Researchers at the Indian Institute of Technology (IIT) Delhi have found a positive link between hysterectomy rates and access to cashless state health insurance subsidies, especially in the states of Andhra Pradesh and Telangana. They used the National Family Health Survey data to draw the associations.
The procedure of surgically removing the uterus is called a hysterectomy and is the second most frequently carried out medical procedure in women. It is usually conducted in the later phase of a woman's reproductive life and is often suggested when one is facing a dangerous gynaecological disorder. The study of the survey found that between 2012-2016, the rate of hysterectomies in India went up from 1.7 to 3.2 surgeries for every 100 married or ever been married women. This ended up being a major concern as the average age of women opting for this surgery is much lower than those in high-income countries. Plus, this procedure can have serious health consequences and post-surgery side effects.

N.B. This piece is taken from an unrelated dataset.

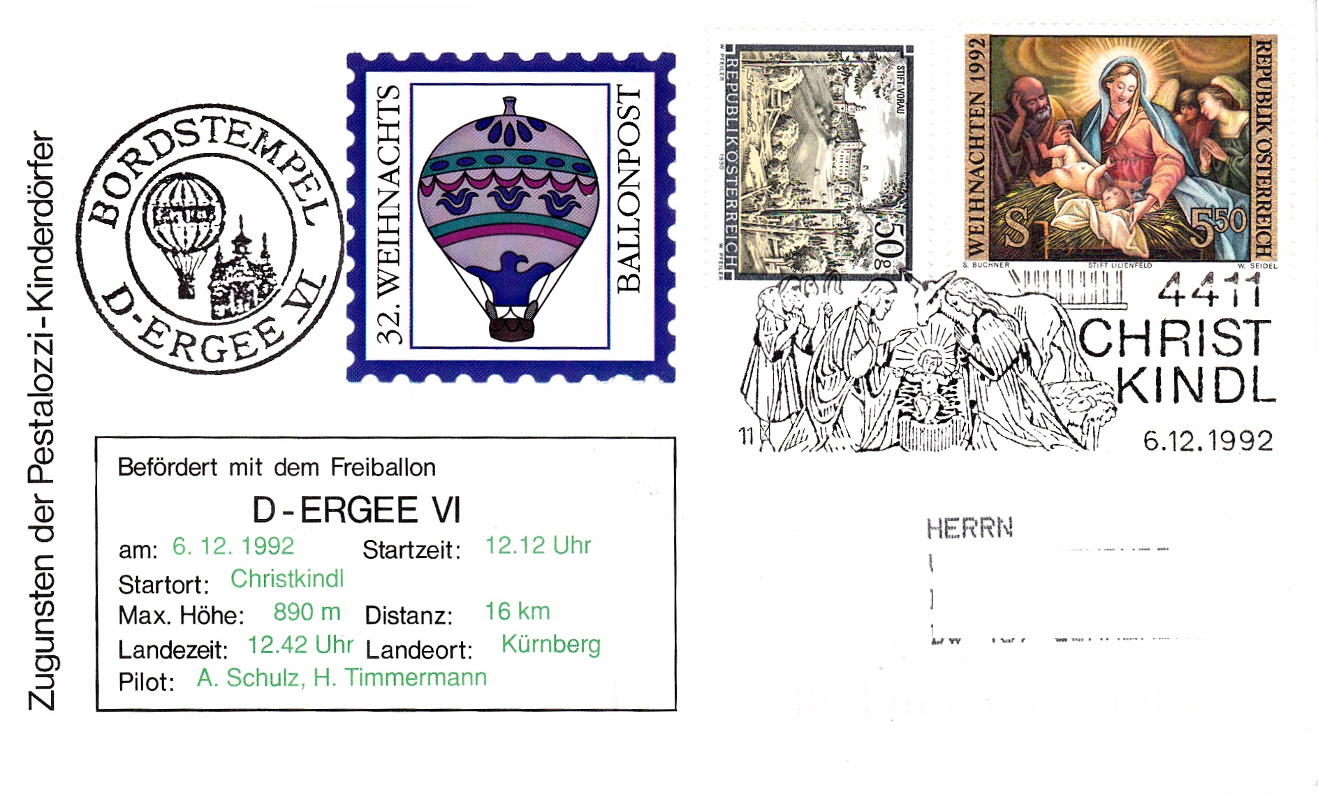 Auf diesem Briefumschlag der 32. Weihnachtsballonpost wurde die Marke am 6.12.1992 mit dem Stempel mit der Kennziffer "6" gestempelt.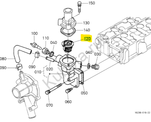 Термостат (1943473014, 1943473015) для двигателя Kubota V1505

Aarogyasri, the Andhra Pradesh state government's Rajiv Aarogyasri health insurance programme was launched in 2007 and aimed to provide sufficient cashless coverage for tertiary healthcare to 19.2 million below poverty line households. The scheme pays higher rates to hospitals than other similar insurance programmes. The researchers also found that women eligible for this insurance were 2.8 per cent more likely to undergo a hysterectomy compared to women outside the scheme. The chances of them opting for this procedure at private hospitals were higher than them undergoing it at public ones since the scheme covered reimbursement at both places. The reason for this is at doctors at private hospitals are usually paid a fee for their service rather than at public hospitals where they receive a fixed salary. This motivates the former to recommend clinically unnecessary procedures to their patients. One reason for this could be the cashless nature of government insurance subsidies where the payment structure serves as an incentive for preventable surgeries.
The report also found that doctors who are compensated on the basis of a fee for service were more likely to perform hysterectomy surgeries, regardless of them being clinically necessary or not. Indian women are more likely to opt for this procedure when the state provided them with health assistance by reimbursing hospital fees and service arrangements and younger women are more likely to get this procedure done.
In 2010, the Andhra Pradesh government imposed stricter controls on performing hysterectomies on women under 35 and in 2011, it limited the procedure to public hospitals only. As it is difficult for financing authorities to double-check the actions of hospitals and patients’ health, the downside of insurance aids results in a higher demand for avoidable surgeries. These include C-sections, appendectomy, cholecystectomy, tonsillectomy and hysterectomy.